Dataset records
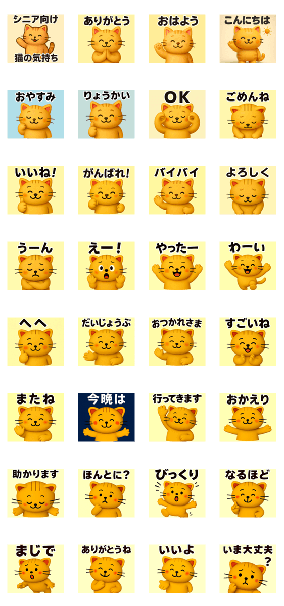 | スタンプ説明 | 見やすくて使いやすい、やさしい猫のスタンプです。 「ありがとう」「おはよう」など、毎日の挨拶や連絡にぴったり。シニアの方にも読みやすい、大きな文字で安心。 |
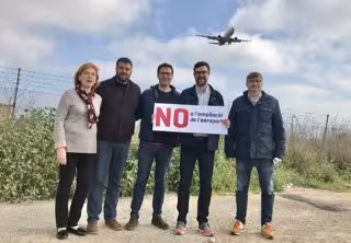 El coordinador de MÉS per Mallorca, Antoni Noguera, acompañado de alcaldes y regidores de la formación ha anunciado la presentación de mociones en todos los ayuntamientos para demostrar que el rechazo a la ampliación del aeropuerto de Palma es un "clamor generalizado".
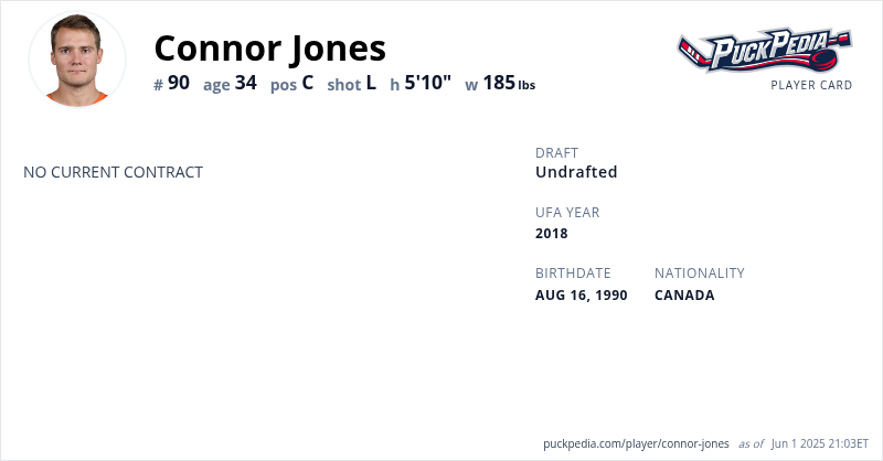 Connor Jones is an Unrestricted Free Agent. His last contract was 1 year, $650,000 with a cap hit of $650,000 per season. It expired at the end of the 2017-18 season.
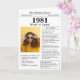 Say happy birthday to someone born in 1981 with this unique Newspaper style birthday card, including a photo of the recipient and a collection of fun facts and world news from the year of their birth. Get creative and create a personalised keepsake. Designed to resemble a vintage newspaper in classic black and white style. A cute and fun way to celebrate the 1980s!
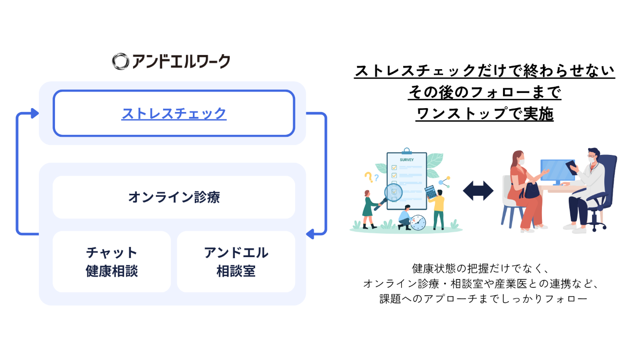 ストレスチェックの結果、専門的な相談が必要な場合は、「アンドエル相談室」でのカウンセリングやチャット健康相談サービスを利用できる。また、ストレスチェック実施者・高ストレス者に対し、産業医・面談担当医の紹介も可能。全国複数拠点がある・リモートメンバーがいるなどの場合でもオンライン面談にて対応できる(有料オプション)。
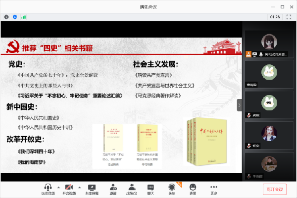 7月16日,团队组织开展“读四史,守初心,看巨变,展未来”线上特色读书会活动。团队成员依次介绍近期观看的“四史”书目,畅谈各自学习体会与阅读心得,黄可欣表示自己“深切感悟了到中国共产党走过的艰苦历程和光辉岁月、宝贵经验和伟大成就,以及中国共产党带领中国人民从站起、富起来到奔向强起来的巨大变化”;曹雪漪表示“要将初心和使命持续融入到学习和工作的各个环节,肩负起新时代青年的使命与担当”。
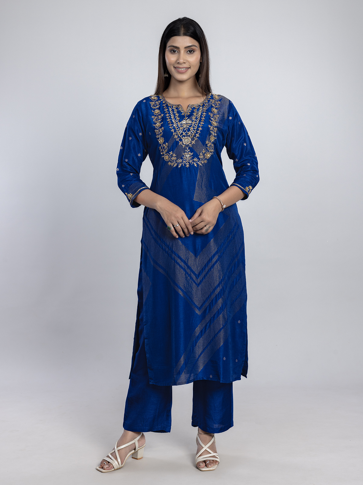 Shine bright in this elegant blue silk kurti set crafted with stunning sequins, resham, beads, and cutdana embellishments. Styled with quarter sleeves and matching pants, it exudes festive elegance and timeless appeal. Ideal for parties or celebrations, this ensemble perfectly balances luxury, comfort, and contemporary style.
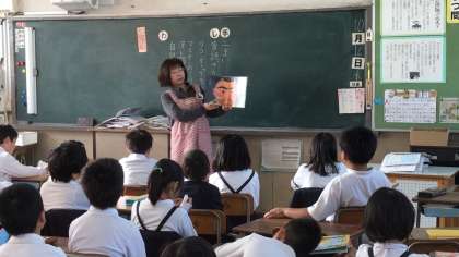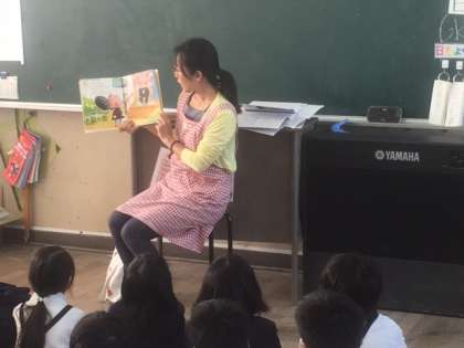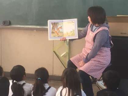 10月16日、水曜日は読書タイムです。今日は、絵本ばたけさんが、3年生に本の読み聞かせをしてくださいました。
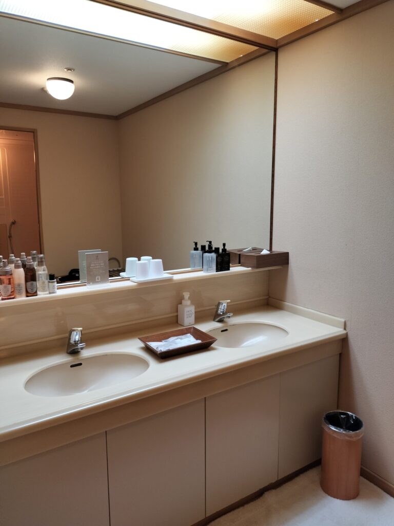 ちょっとびっくりしたのですが、座ってスキンケアをするスペースがありませんでした。
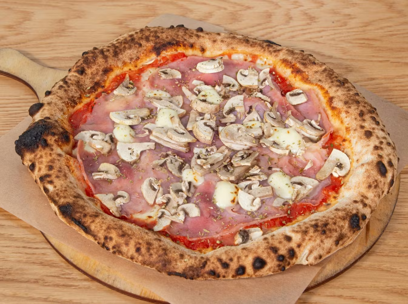 mozzarella , pelati tomato sauce, prosciutto cotto, champignon mushrooms Pizza packaging
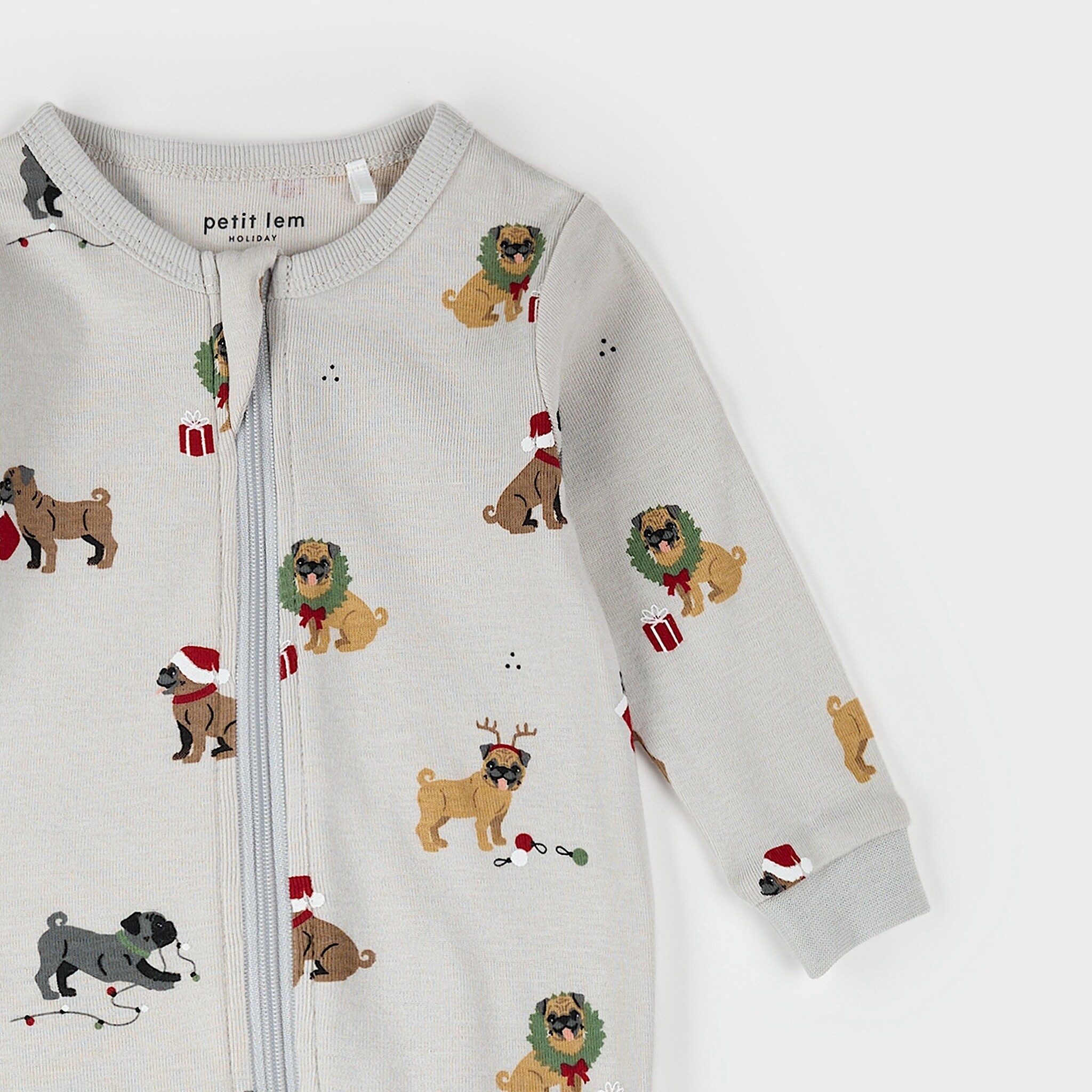 • Light gray printed pyjamas with integrated feet and ribbed cuffs for optimal comfort, as well as a two-way zipper for easy changing.
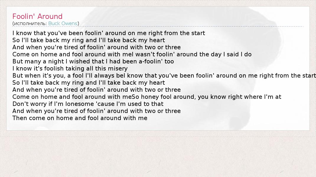А как ты думаешь, о чем песня "Foolin' Around" ?
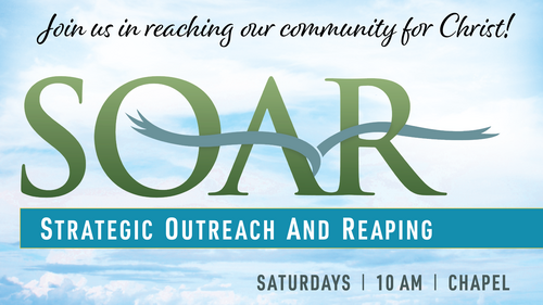 Every Saturday, our SOAR (Strategic Outreach and Reaping) teams meet at 10:00 am in the Heritage Chapel to reach out into our community through door-to-door visitation, placing invitations on doors, and when possible, speaking to our neighbors to share the Gospel and/or personally inviting them to church. We provide all the necessary information and instructions for all who attend.
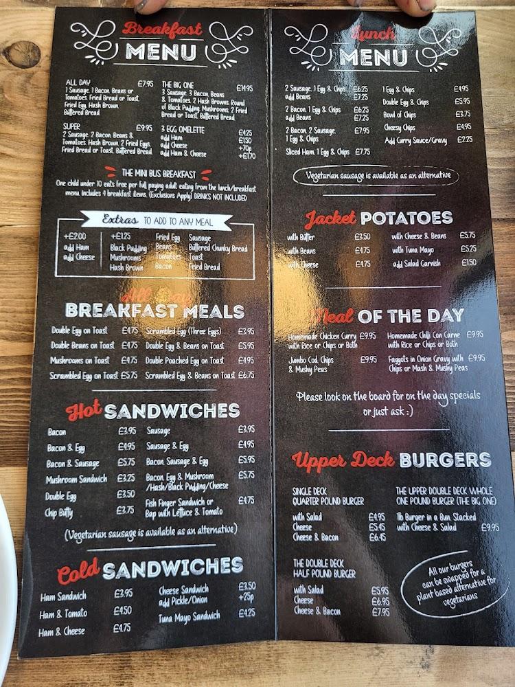 The Upper Deck Diner is a quirky establishment located just off the busy A38 in Tewkesbury, GL20 6HB. This diner is not just any eatery; it’s situated in a refurbished double-decker bus, providing a one-of-a-kind dining experience. This diner thrives on creating a community spirit among its patrons. With easy access to the nearby lay-by, it welcomes a steady stream of locals and travelers alike. The diner opens its doors every day of the week, welcoming breakfast lovers and lunch seekers looking for a quick and satisfying meal. Parking is hassle-free, with free street parking and a dedicated lot available for customers. The vibrant atmosphere and friendly encounters with staff add to the diner’s charm, making each visit feel welcoming and warm. The cheerful crew often brings their personality into the kitchen, sharing laughs and good vibes that resonate through the diner.
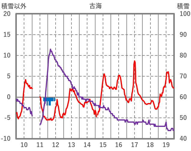 | 日 | 時 | 気温 | 降水 | 風向/風速 | 日照 | 積雪 | 降雪 |
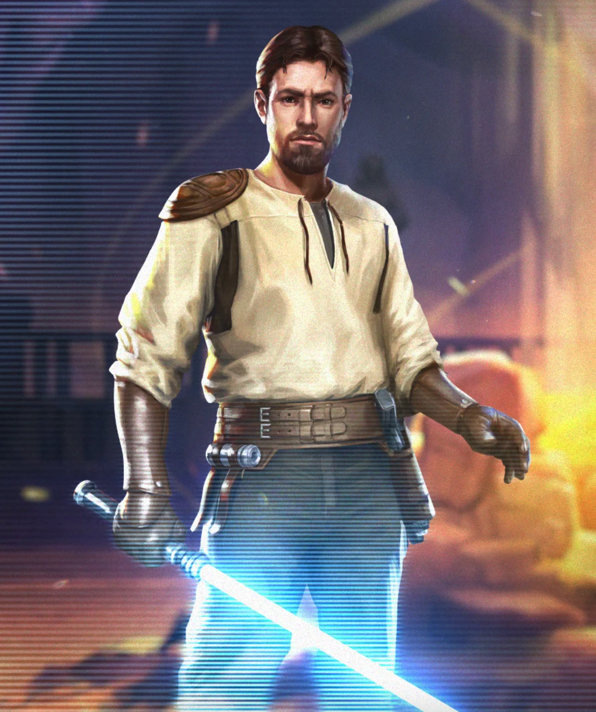 Kay Vess boards her ship to find a man named Jaylen, sitting in the cockpit claiming to offer her a way out. But when looking at Jaylen, it’s undeniable that he bears an uncanny resemblance to Katarn. Consider, for example, this comparison to the character model from Katarn’s appearance in the mobile game Galaxy of Heroes recently:
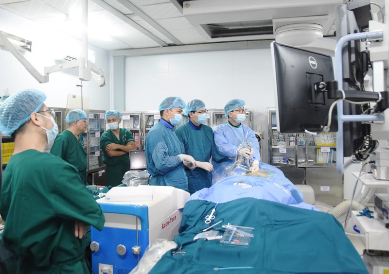 Trong quá trình này, bác sĩ sử dụng tia X để quan sát bên trong cơ thể, để đảm bảo loại bỏ hoàn toàn sỏi mật mà không cần can thiệp mổ mở như trước.
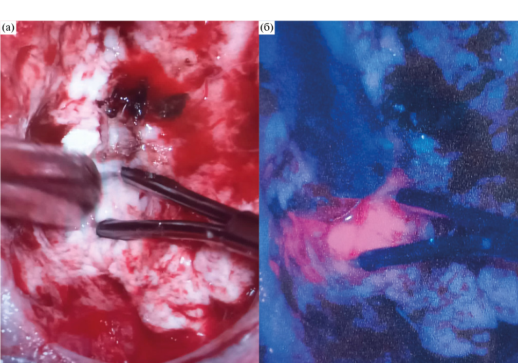 Рис. 2. (а) – интраоперационная фотография ложа удаленной опухоли у пациента с глиобластомой левой лобной доли в «белом свете». Визуально определяется неизмененное мозговое вещество, при прямой субкортикальной биполярной и монополярной стимуляции с пороговой силой тока 5 мА в этой области получены моторные ответы с языка. (б) – интраоперационноая фотография той же области. В зоне стимуляции определяется яркая розовая флуоресценция, что свидетельствует о наличии опухолевой ткани. У данного пациента резекция была остановлена.
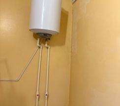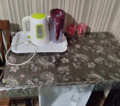 Горячая вода с титана, возможность включить обогреватель, если прохладно. В номере чайник, холодильник.
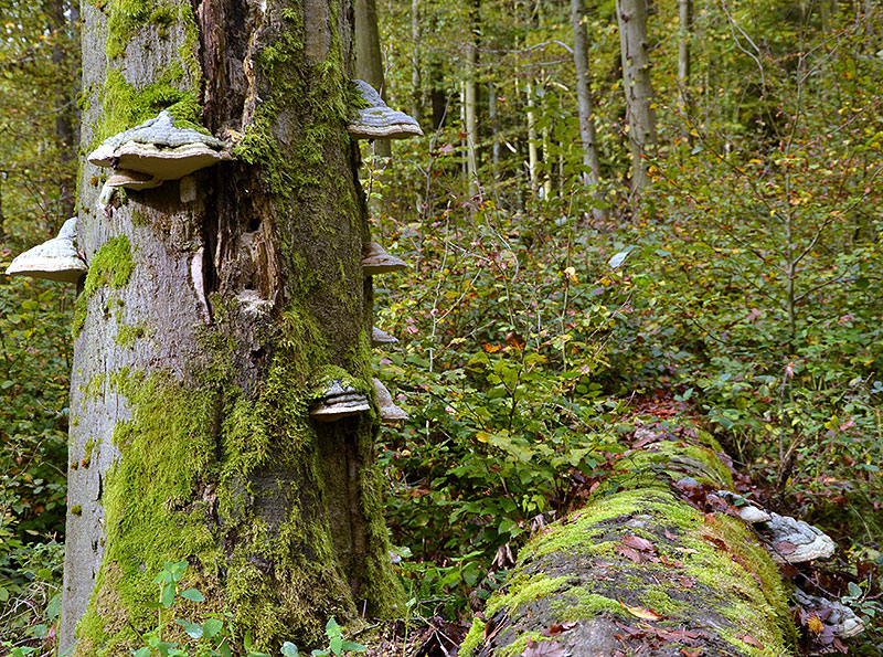 Fig. 3: Nature conservation in forests is inconceivable with out dead wood. It is a habitat for numerous animal and fungal species. Breaks in the canopy that arise due to tree mortality enable light to reach the ground and cause warmth, both of which are important factors for the regeneration of the forest (Picture: J. Böhm).
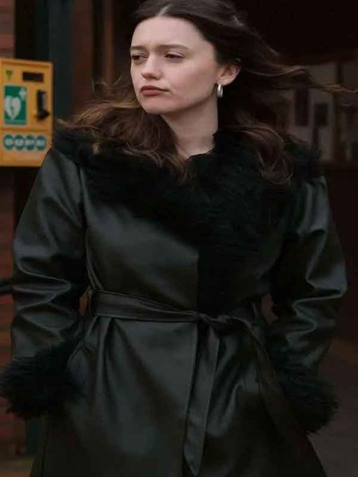 Daddy Issues S02 Aimee Lou Wood Black Leather Coat
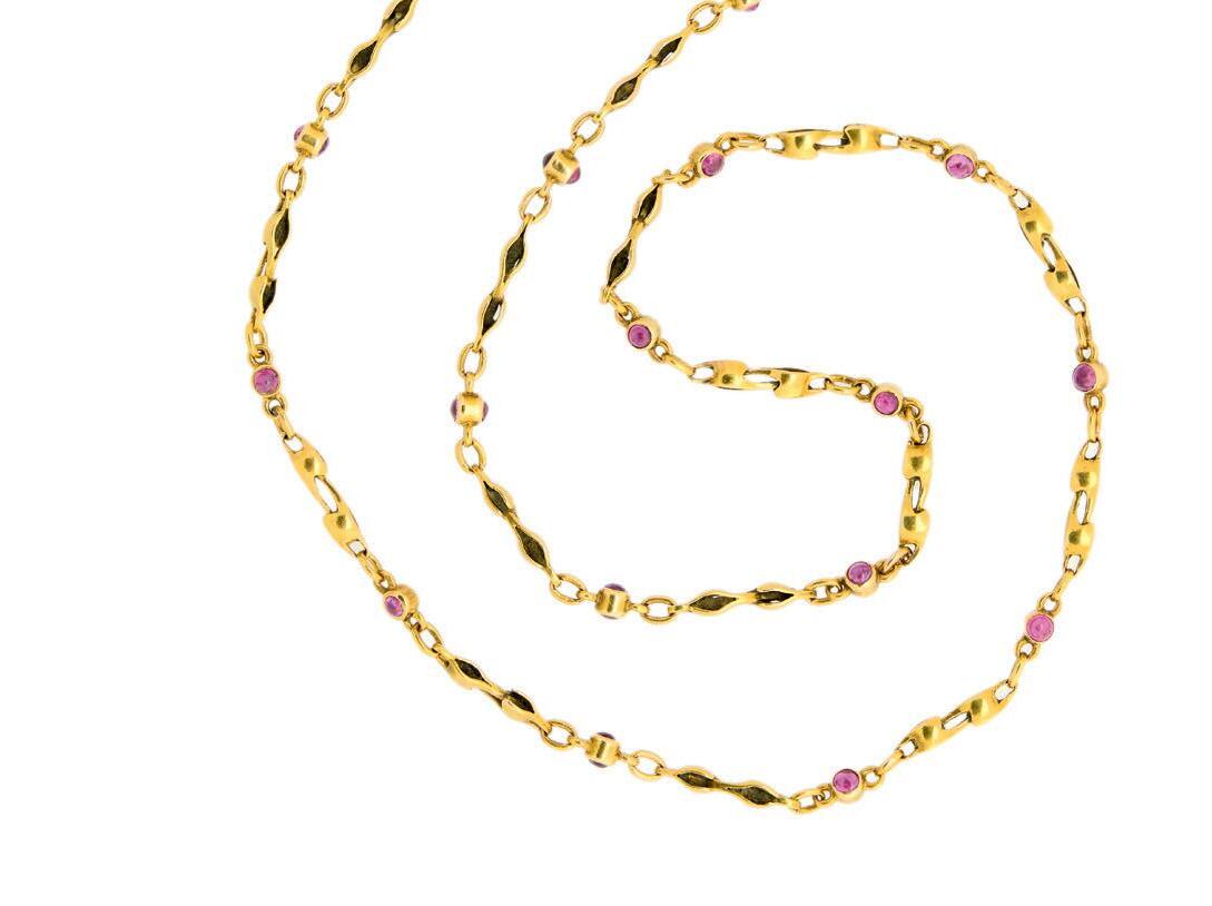 Gold, garnets. 10.24 grams. L. 458 mm. Unmarked.
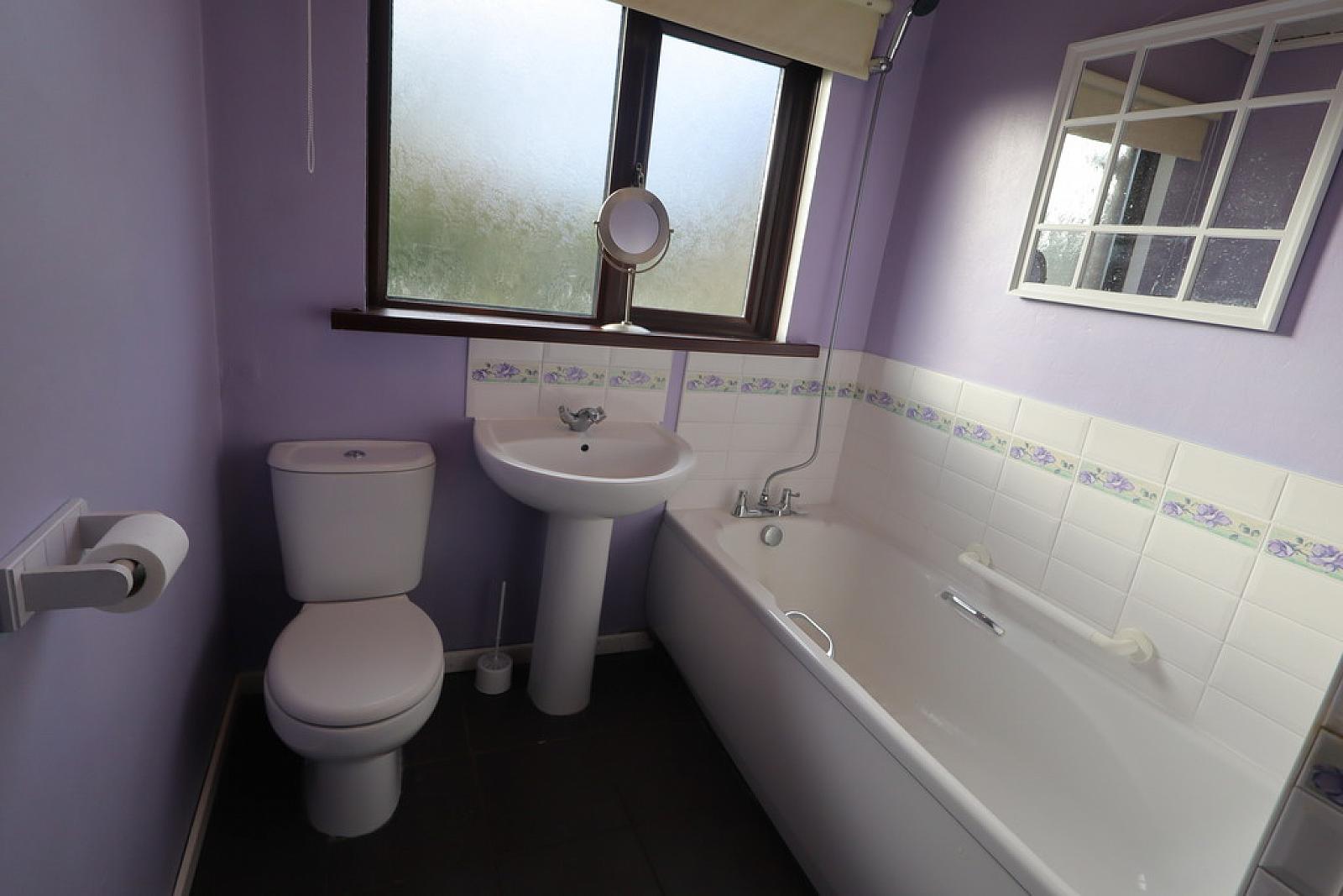 BATHROOM uPVC bath unit, thermostatic shower, wall tiling, tiled flooring, low flush W/C, pedestal wash hand basin, panelled ceiling

*Task objective*: Output the line that contains "Fig. 3: Nature" and every subsequent line through the end of the entries, exactly as given, without pictures.

*Exercise output*:
 Fig. 3: Nature conservation in forests is inconceivable with out dead wood. It is a habitat for numerous animal and fungal species. Breaks in the canopy that arise due to tree mortality enable light to reach the ground and cause warmth, both of which are important factors for the regeneration of the forest (Picture: J. Böhm).
 Daddy Issues S02 Aimee Lou Wood Black Leather Coat
 Gold, garnets. 10.24 grams. L. 458 mm. Unmarked.
 BATHROOM uPVC bath unit, thermostatic shower, wall tiling, tiled flooring, low flush W/C, pedestal wash hand basin, panelled ceiling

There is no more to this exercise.